### Task instructions
Return the listing in full and exactly, but without a single picture.
=== Begin Enclosure ===
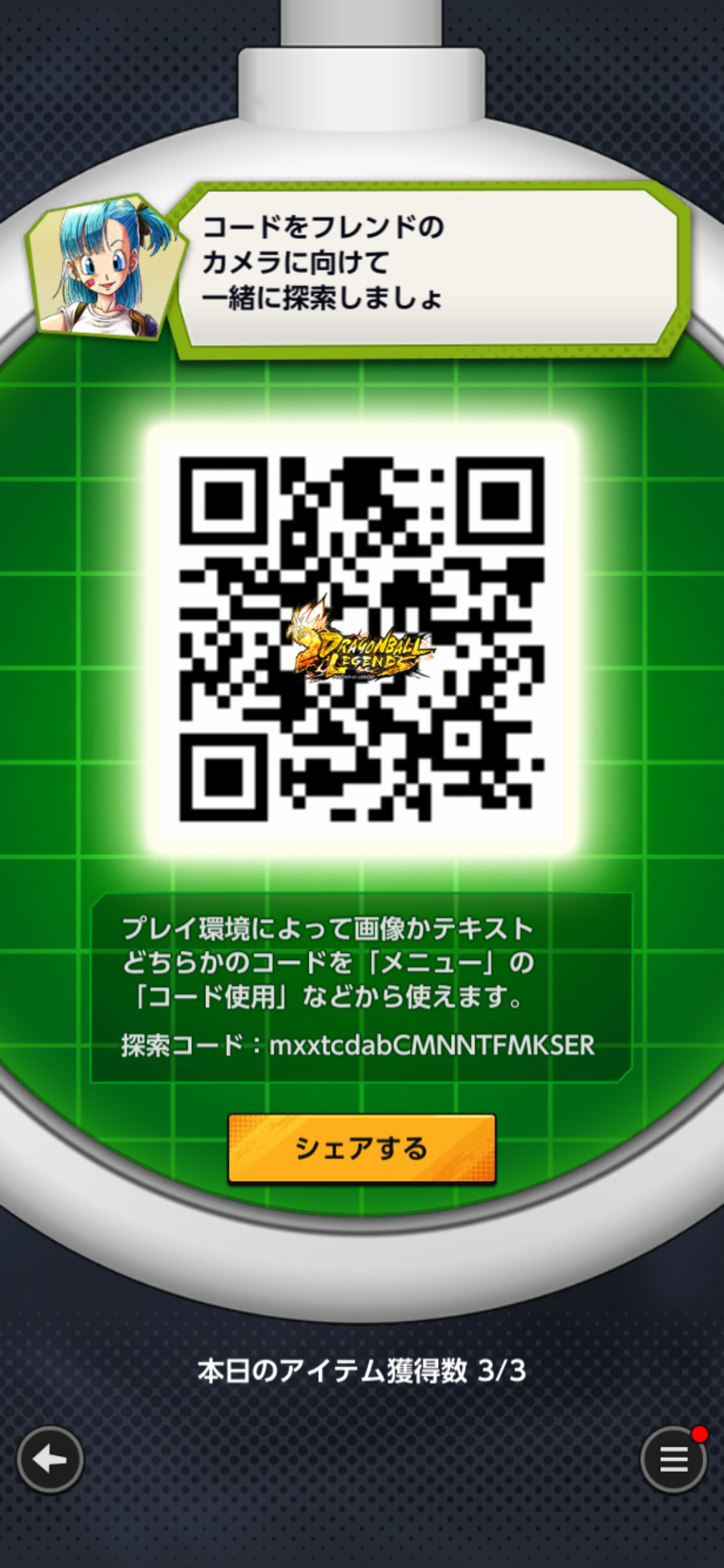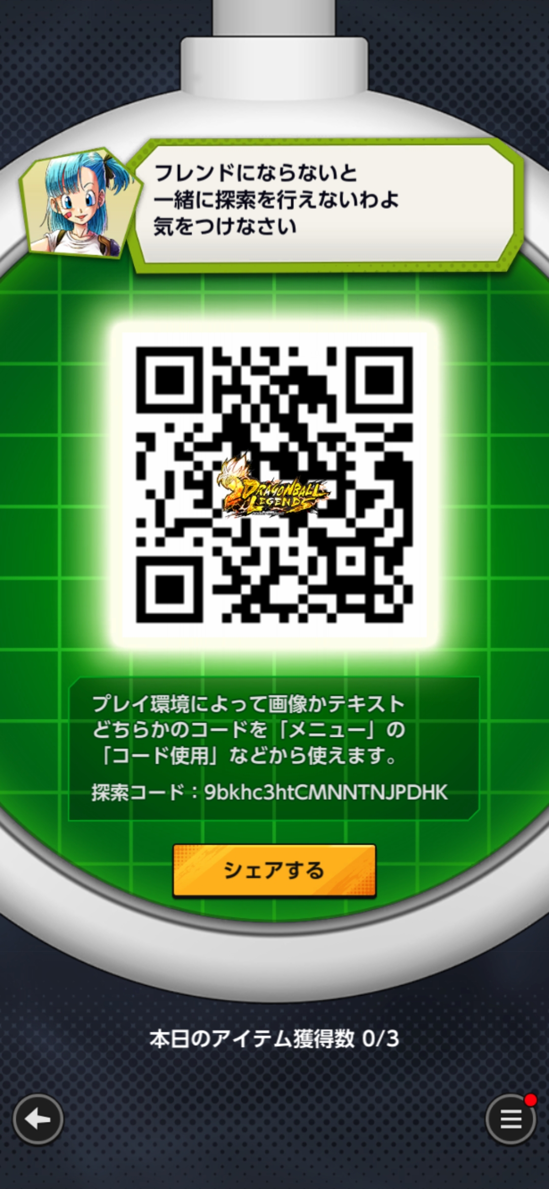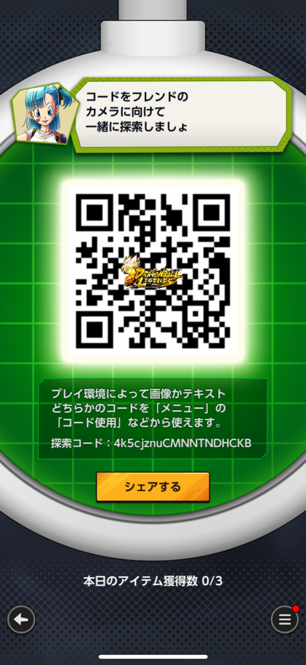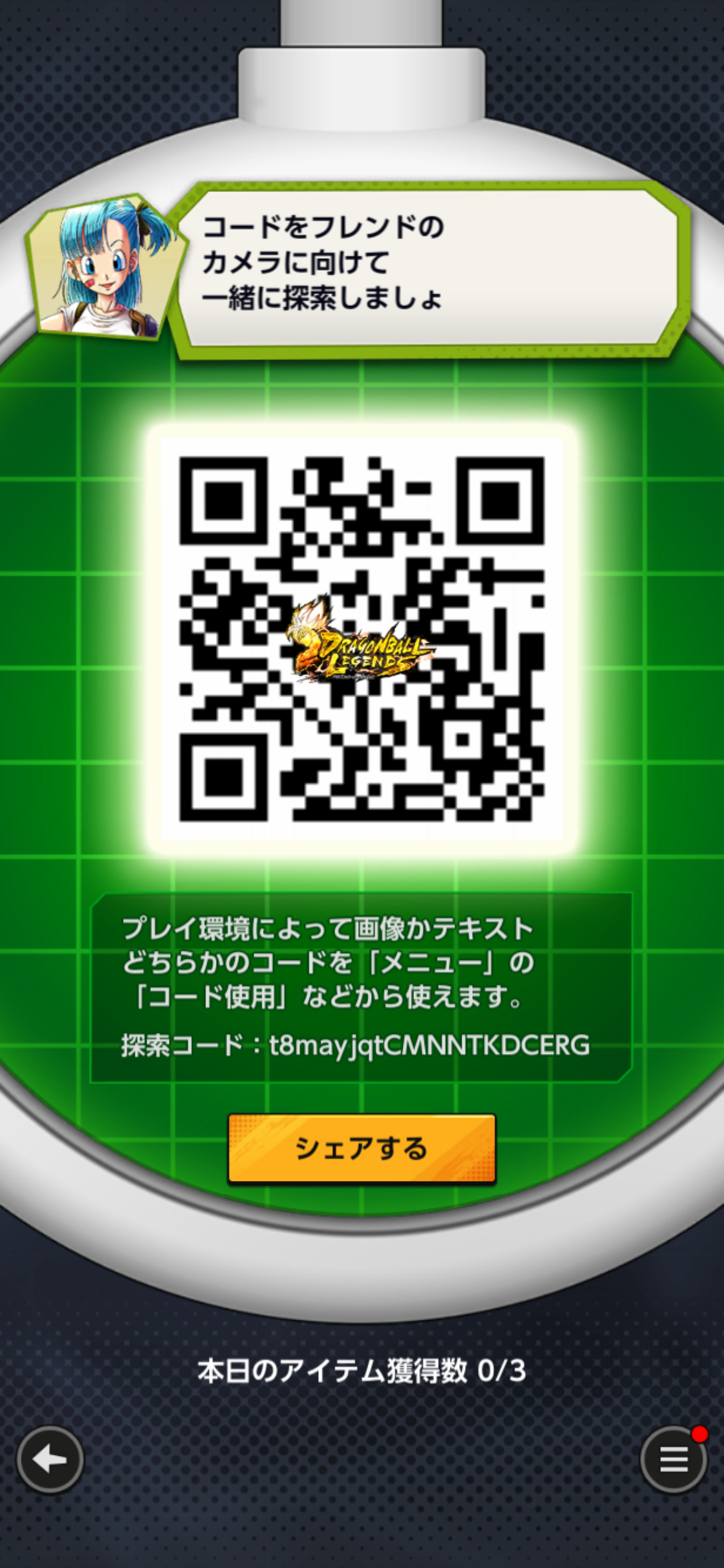 - フレンドのQRコードを読み込む事でドラゴンボールを探索できる
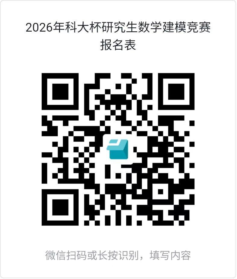 1. 电子报名时间:2026年4月28日~5月12日(周二)12点,报名请通过如下微信二维码扫码填写报名信息,建议在5月12日队伍成型并提交论文后再填写报名信息,以免中途需要修改。
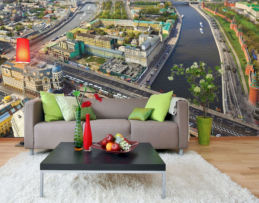 Оформляя стены в гостиной, следует прислушаться к мнению всех членов семьи, поскольку именно в этой комнате они проводят большую часть времени. Также здесь, как правило, принимают гостей и отмечают все праздники. Соответственно, фотообои должны смотреться оригинально и нарядно.
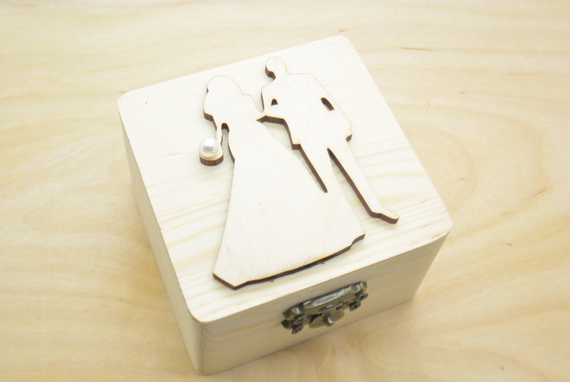 Ξύλινο κουτί με σχέδιο ζευγάρι με πέρλα. Διάσταση κουτί 8 x 8 x 5 cm. Με επιπλέον 0.3 λεπτά μπορεί να γίνει δεμένη μπομπονιέρα με 5 κουφέτα αμυγδάλου.
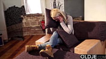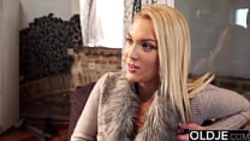 elderly vs young porn: the girl licks the elderly man's cock and swallows cumshot.
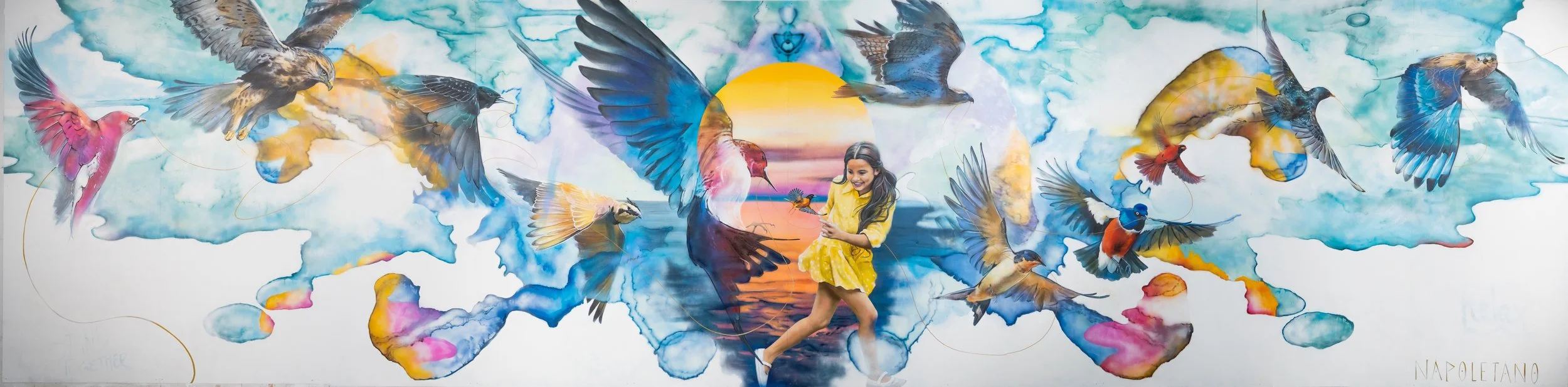 ArtPop partnered with Nick Napoletano to create this whimsical mural titled ‘Fly Away Home’ for JLL’s new Charlotte office. The JLL team joined into the mural process - not only in the inspiration that brought Nick’s work to life - but also in laying the foundation of the mural by creating the mural ‘doodle grid’ - individually spray painting words and phrases that inspire them and inspire togetherness.
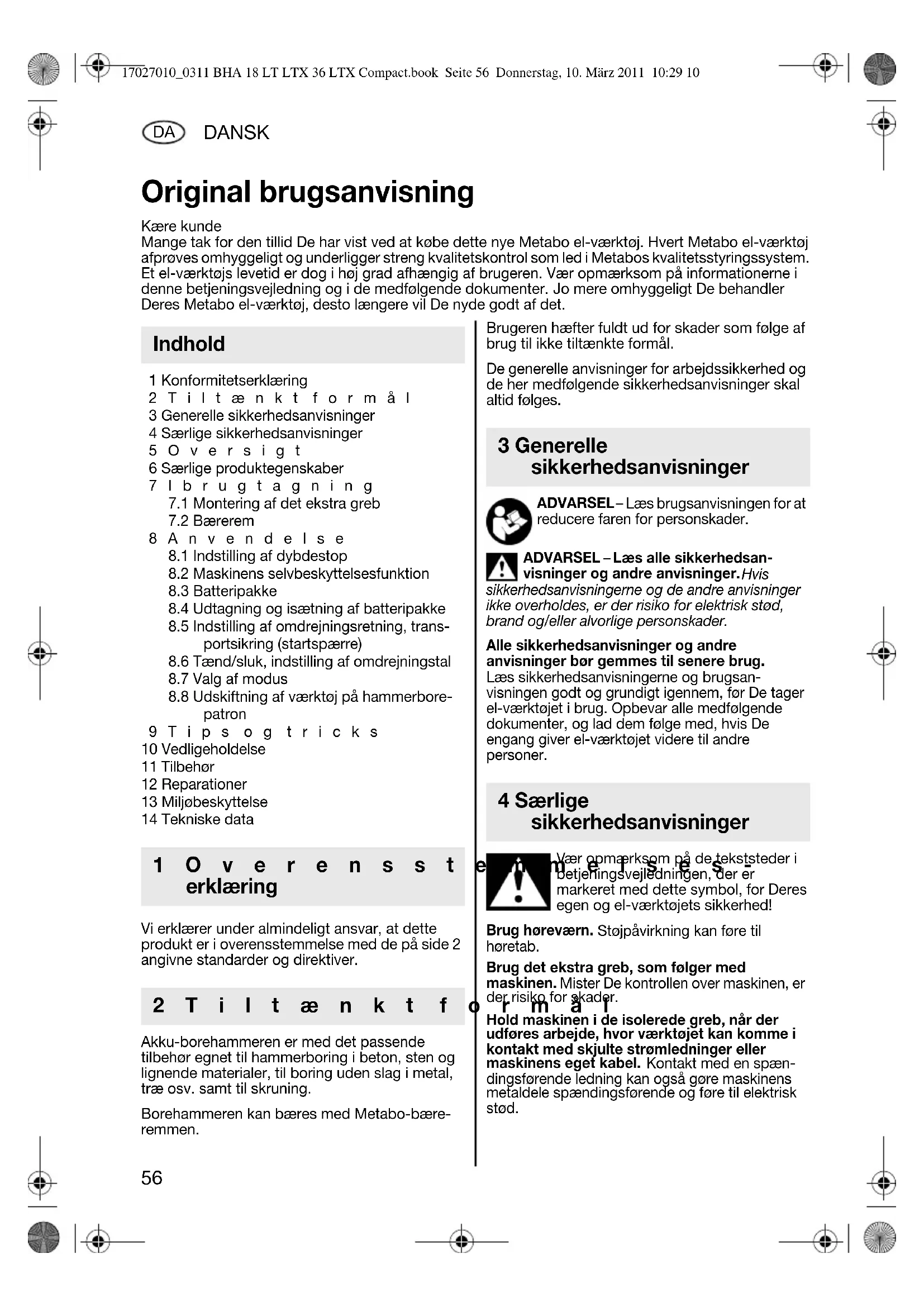 ær opmærksom på de tekststeder i betjeningsvejledningen, der er markeret med dette symbol, for Deres egen og el-værktøjets sikkerhed! Brug høreværn. Støjpåvirkning kan føre til høretab. Brug det ekstra greb, som følger med maskinen. Mister De kontrollen over maskinen, er der risiko for skader. Hold maskinen i de isolerede greb, når der udføres arbejde, hvor værktøjet kan komme i kontakt med skjulte strømledninger eller maskinens eget kabel. Kontakt med en spæn- dingsførende ledning kan også gøre maskinens metaldele spændingsførende og føre til elektrisk stød. Original brugsanvisning Kære kunde Mange tak for den tillid De har vist ved at købe dette nye Metabo el-værktøj. Hvert Metabo el-værktøj afprøves omhyggeligt og underligger streng kvalitetskontrol som led i Metabos kvalitetsstyringssystem. Et el-værktøjs levetid er dog i høj grad afhængig af brugeren. Vær opmærksom på informationerne i denne betjeningsvejledning og i de medfølgende dokumenter. Jo mere omhyggeligt De behandler Deres Metabo el-værktøj, desto længere vil De nyde godt af det. Indhold 1Overensstemmelses- erklæring 2Tiltænkt formål 3 Generelle sikkerhedsanvisninger 4 Særlige sikkerhedsanvisninger 17027010_0311 BHA 18 LT LTX 36 LTX Compact.book Seite 56 Donnerstag, 10. März 2011 10:29 10DANSK
=== End Enclosure ===
### The completed task
 - フレンドのQRコードを読み込む事でドラゴンボールを探索できる
 1. 电子报名时间:2026年4月28日~5月12日(周二)12点,报名请通过如下微信二维码扫码填写报名信息,建议在5月12日队伍成型并提交论文后再填写报名信息,以免中途需要修改。
 Оформляя стены в гостиной, следует прислушаться к мнению всех членов семьи, поскольку именно в этой комнате они проводят большую часть времени. Также здесь, как правило, принимают гостей и отмечают все праздники. Соответственно, фотообои должны смотреться оригинально и нарядно.
 Ξύλινο κουτί με σχέδιο ζευγάρι με πέρλα. Διάσταση κουτί 8 x 8 x 5 cm. Με επιπλέον 0.3 λεπτά μπορεί να γίνει δεμένη μπομπονιέρα με 5 κουφέτα αμυγδάλου.
 elderly vs young porn: the girl licks the elderly man's cock and swallows cumshot.
 ArtPop partnered with Nick Napoletano to create this whimsical mural titled ‘Fly Away Home’ for JLL’s new Charlotte office. The JLL team joined into the mural process - not only in the inspiration that brought Nick’s work to life - but also in laying the foundation of the mural by creating the mural ‘doodle grid’ - individually spray painting words and phrases that inspire them and inspire togetherness.
 ær opmærksom på de tekststeder i betjeningsvejledningen, der er markeret med dette symbol, for Deres egen og el-værktøjets sikkerhed! Brug høreværn. Støjpåvirkning kan føre til høretab. Brug det ekstra greb, som følger med maskinen. Mister De kontrollen over maskinen, er der risiko for skader. Hold maskinen i de isolerede greb, når der udføres arbejde, hvor værktøjet kan komme i kontakt med skjulte strømledninger eller maskinens eget kabel. Kontakt med en spæn- dingsførende ledning kan også gøre maskinens metaldele spændingsførende og føre til elektrisk stød. Original brugsanvisning Kære kunde Mange tak for den tillid De har vist ved at købe dette nye Metabo el-værktøj. Hvert Metabo el-værktøj afprøves omhyggeligt og underligger streng kvalitetskontrol som led i Metabos kvalitetsstyringssystem. Et el-værktøjs levetid er dog i høj grad afhængig af brugeren. Vær opmærksom på informationerne i denne betjeningsvejledning og i de medfølgende dokumenter. Jo mere omhyggeligt De behandler Deres Metabo el-værktøj, desto længere vil De nyde godt af det. Indhold 1Overensstemmelses- erklæring 2Tiltænkt formål 3 Generelle sikkerhedsanvisninger 4 Særlige sikkerhedsanvisninger 17027010_0311 BHA 18 LT LTX 36 LTX Compact.book Seite 56 Donnerstag, 10. März 2011 10:29 10DANSK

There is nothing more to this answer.